Mobile application developed by Proximate Global Inc.

Face2Face is a proximity-based mobile application developed by Proximate Global Inc. that enables users to identify when members of their social networks are within close proximity. Launched in July 2010, the app integrates data from various social networks to provide users with information about nearby connections while maintaining privacy controls.

==Privacy and security==
Face2Face gathers data from social and business networks, such as Facebook, LinkedIn, MySpace, and Twitter, to facilitate its proximity alerts.
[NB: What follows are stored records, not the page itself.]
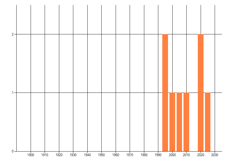 Het aantal atlasblokken (5x5 km) waarin de soort is gemeld binnen een periode van vijf jaar (vanaf 1980) of twintig jaar. Niet gecorrigeerd voor waarnemersinspanning en het aantal doorgegeven waarnemingen kan sterk variëren per periode, dus een trend in verspreiding kan hier niet direct uit worden afgelezen. Het opgegeven jaartal is het eerste jaar van de periode. Bron: gevalideerde waarnemingen uit de NDFF.
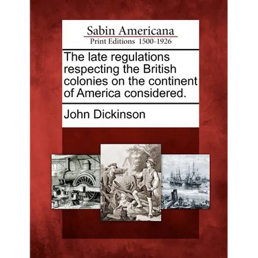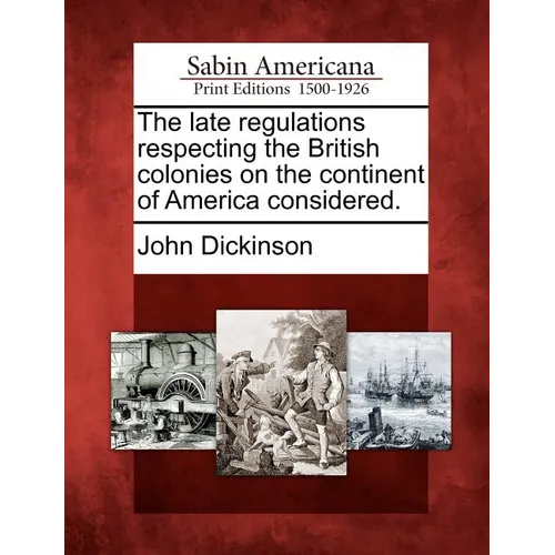 Title: The late regulations respecting the British colonies on the continent of America considered.Author: John DickinsonPublisher: Gale, Sabin Americana Description: Based on Joseph Sabin's famed bibliography, Bibliotheca Americana, Sabin Americana, 1500--1926 contains a collection of books, pamphlets, serials and other works about the Americas, from the time of their discovery to the early 1900s. Sabin Americana is rich in original accounts of discovery and exploration, pioneering and westward expansion, the U.S. Civil War and other military actions, Native Americans, slavery and abolition, religious history and more.Sabin Americana offers an up-close perspective on life in the western hemisphere, encompassing the arrival of the Europeans on the shores of North America in the late 15th century to the first decades of the 20th century. Covering a span of over 400 years in North, Central and South America as well as the Caribbean, this collection highlights the society, politics, religious beliefs, culture, contemporary opinions and momentous events of the time. It provides access to documents from an assortment of genres, sermons, political tracts, newspapers, books, pamphlets, maps, legislation, literature and more.Now for the first time, these high-quality digital scans of original works are available via print-on-demand, making them readily accessible to libraries, students, independent scholars, and readers of all ages.++++The below data was compiled from various identification fields in the bibliographic record of this title. This data is provided as an additional tool in helping to insure edition identification: ++++SourceLibrary: Huntington LibraryDocumentID: SABCP04406900CollectionID: CTRG03-B631PublicationDate: 17650101SourceBibCitation: Selected Americana from Sabin's Dictionary of books relating to AmericaNotes: Attributed to John Dickinson.Collation: 38 p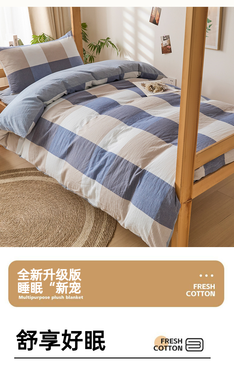 商品名称:爱屋及屋 2025新款水洗棉学生季大礼包学生宿舍六件套棉花被+棉花垫子+枕头+三件套一站式全套 蓝咖大格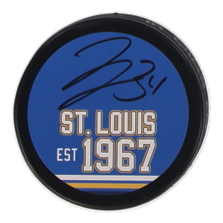 St. Louis Blues Logo Hockey Puck. Hand signed by Jake Allen.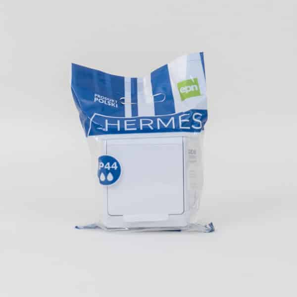 Priza simpla alba cu capac HERMES, 16A/250, IP44 / ELPL-0324-02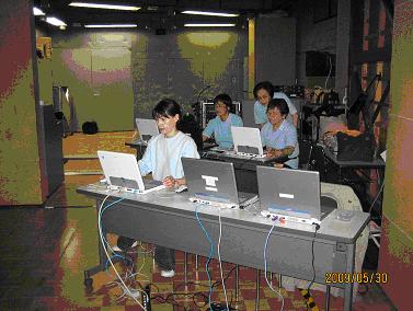 | 上映会では、以下の機器類を使用しました。 @上映用DVDプレーヤー(Avox Acp 500R) A挨拶・上映会に至るまでの説明などパソコン要約筆記用のパソコン(入力2台、表示1台) B@Aを接続したプロジェクター(SONY VPL-EX50) C字幕用パソコン(自動送信用1台、表示用1台) DCを接続したプロジェクター(SANYO LP-XU51(S) ) 苦労したこと、エピソードなど ・IPtalkに初めて画像をつけた: 上映前の要約筆記では、授賞式の画像をつけて説明した。なかなか画像が表示用に送信されず苦労した。本番は無事に表示された。 ・地震のシーンの字幕の表記: 当初は音や様子が変わるごとにスライドを作成したが、映画に集中してほしい場面なので、(地鳴り)(ガラスの割れる音)(粉砕音)(悲鳴)など、なるべく少ない文字で表現した。 ・文字色を変えた: 台詞のある人物が映像に映っていない場合や、ナレーションは文字色を薄い黄色にした。(斜文字は縦書きでは違いが分かりづらいので) ・同じ台詞が10回くらい続く: 子どもを探す場面・犬を探す場面で、同じ台詞(名前を呼ぶ)が続くので、本番に手動送信するのは無理と判断し、自動送信に挑戦した。 ・最終チェックは一人で: 同じような場面や台詞でも、入力者によって少しずつ異なるので、最終のチェックと時間設定保存は一人で行った。何度も映画を見て、字幕の編集をして、とっても疲れました。 |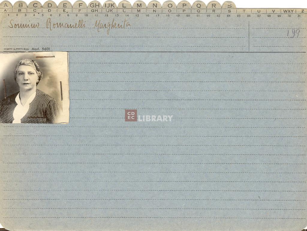 Margherita Sonnino, figlia di Leone Sonnino e Emilia Castelnuovo è nata in Italia a Teramo il 23 luglio 1884. Coniugata con Angelo Romanelli. Arrestata a Roma (Roma). Deportata nel campo di sterminio di Auschwitz. Non è sopravvissuta alla Shoah. luogo di arresto: Roma data di arresto: 16/10/1943 luogo di detenzione: ROMA Collegio Militare luogo di raccolta: ROMA Collegio Militare destino: Morto/a in campo di sterminio numero di convoglio: convoglio n. 02, 18/10/1943 data di partenza del convoglio: 18/10/1943 data di arrivo del convoglio: 23/10/1943 campo di destinazione: Auschwitz numero di matricola: S |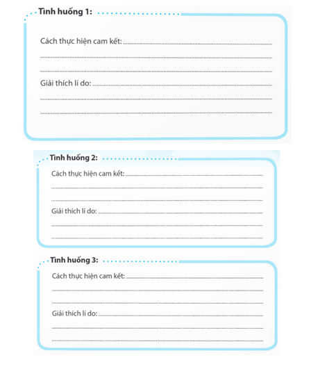 Viết cảm xúc của em khi thực hiện những cam kết đặt ra trong một tình huống cụ thể: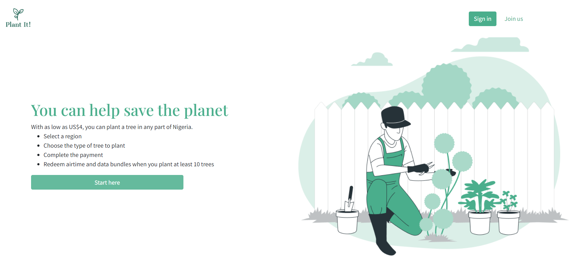 Planting of trees has been said to tackle deforestation, desertification, and absorb harmful carbon from the atmosphere. In line with SDG 13 (Climate action) which says “Take urgent action to combat climate change and its impacts, the app is designed to promote, and encourage positive climate actions among users from the comfort of their homes and devices, by providing them with a means to plant trees and get more engaged with such activities without them physically being involved. While users donate to plant trees, a token of their money is converted to points, after a considerable amount of time, users are able to convert their points into Airtime, Gift cards or Data.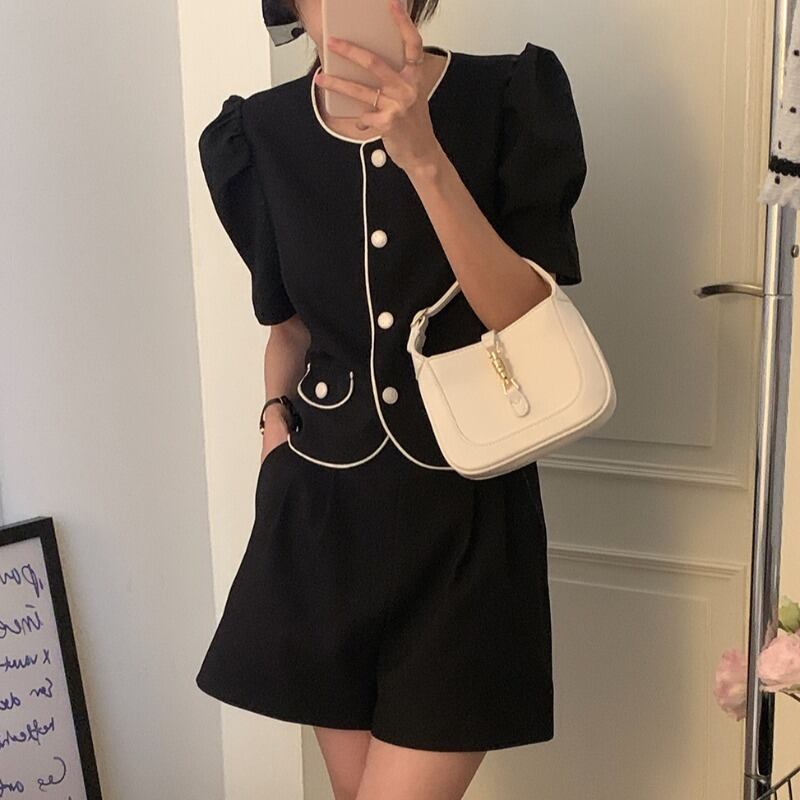韓国ファッションNEW夏服ショートラウンドネック半袖スリーブシャツ ハイウェストウェストワイドレッグパンツ ショーツ レディース ハーフスリーブ 夏物 Oネック ワイドパンツ ウエスト muzly47068043433 | Neatly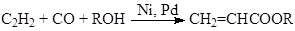 В реакциях СО с олефинами и алкинами участвуют также молекулы других реагентов – Н2О, ROH, RNH2 и др. Эти процессы были открыты В. Реппе в начале 40-х гг XX века и протекают в растворах комплексов Ni(0, II) и Pd(0, II). Например,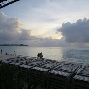 サンセット手前のビーチは、翌日のためのビーチベッドやパラソルが積み上げられており少し残念でした。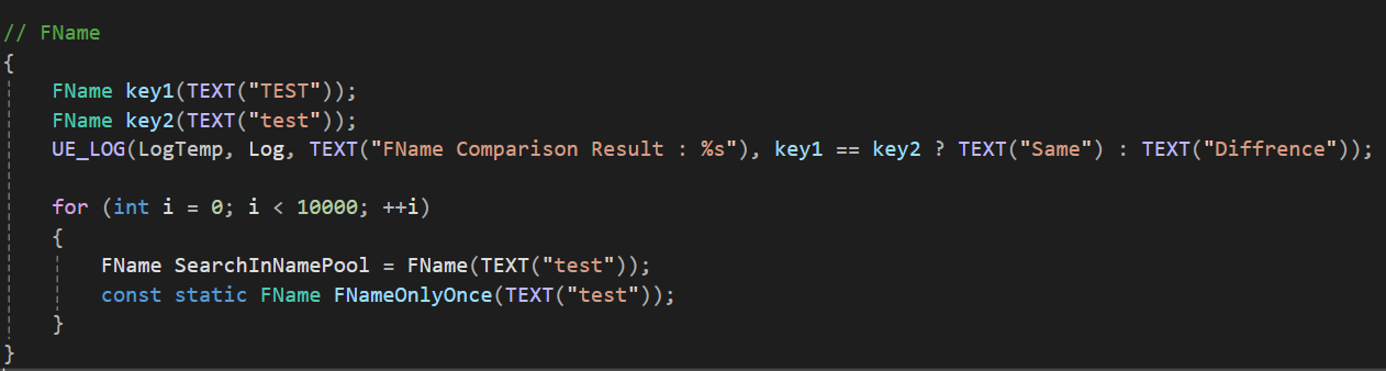 FName SearchOnNamePool = FName(TEXT("test"));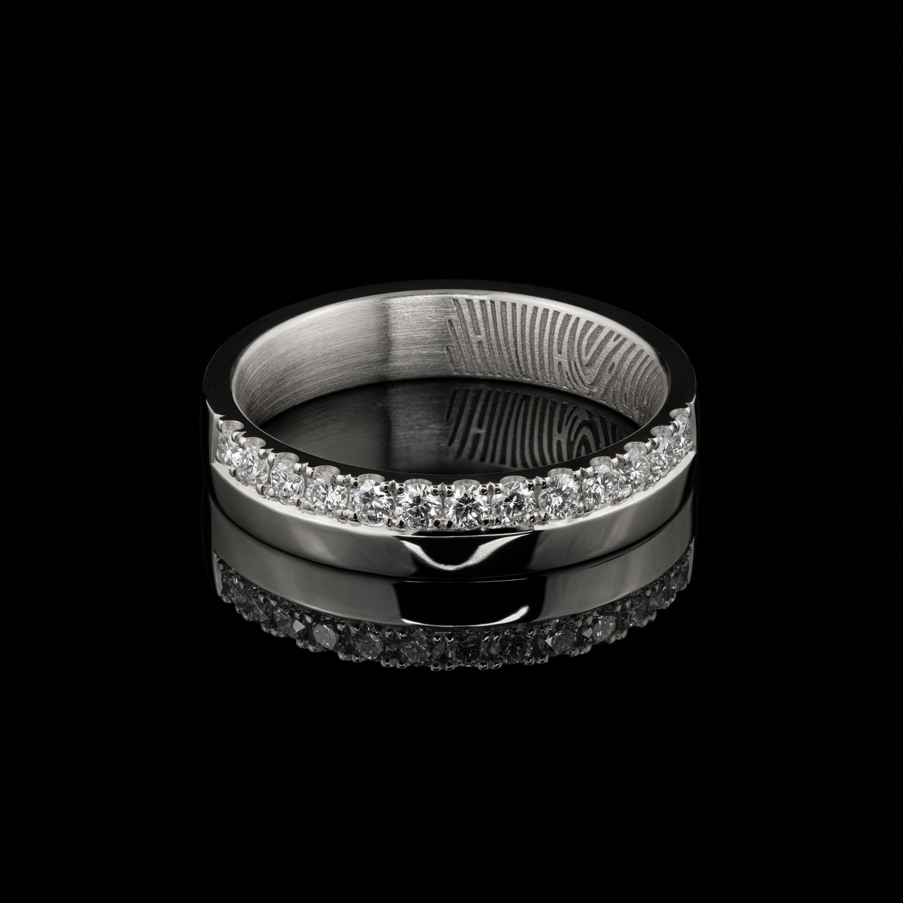 Das Besondere ist die funkelnde Reihe feiner Brillanten auf dem Rand der Ringschiene, die das Licht aus jedem Winkel einfängt. Sie werden gleichmäßig im Castle-Setting gefasst, sodass die Steine auch seitlich gut zu sehen sind.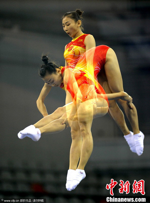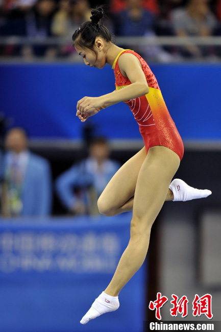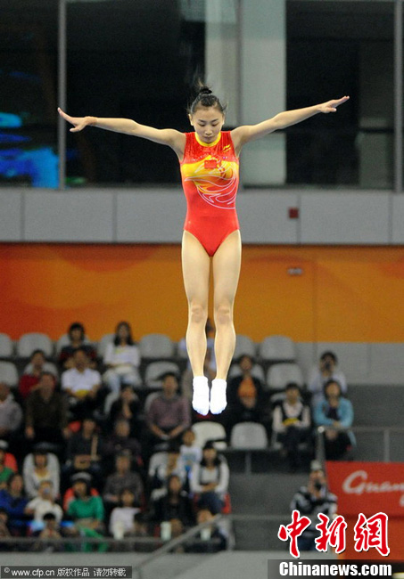 11月21日上午,廣州亞運(yùn)會(huì)蹦床個(gè)人資格賽在亞運(yùn)城體育館上演,中國(guó)女子選手何雯娜、黃珊汕;男子選手選手董棟、涂瀟全部順利晉級(jí)決賽。圖為何雯娜亮相亞運(yùn)城體育館。中新網(wǎng)記者 金碩 攝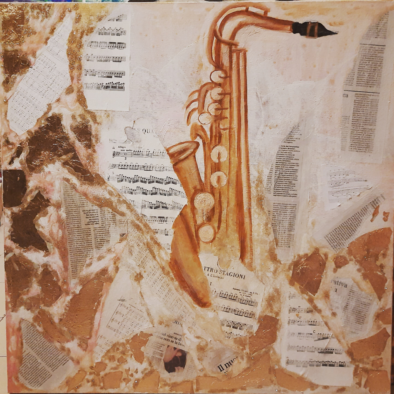 L'opera è di bordi alti non di tela classica, va senza la cornice . É in Acrilico con fogli di spartiti strappati o bruciati in parte . É firmata davanti al quadro . É pezzo unico di mia fantasia

To address privacy concerns about location-based apps, Face2Face incorporates a "reciprocal sharing" feature, ensuring that users only share their location with others if they have mutually agreed to reveal their presence. Although the app collects location data, it does not disclose exact coordinates, providing an additional layer of privacy protection.

== Reception and Awards ==
Shortly after its launch, Face2Face was downloaded 10,000 times within its first month of availability. The app received recognition from Mashable, earning the "Spark of Genius" award in July 2010.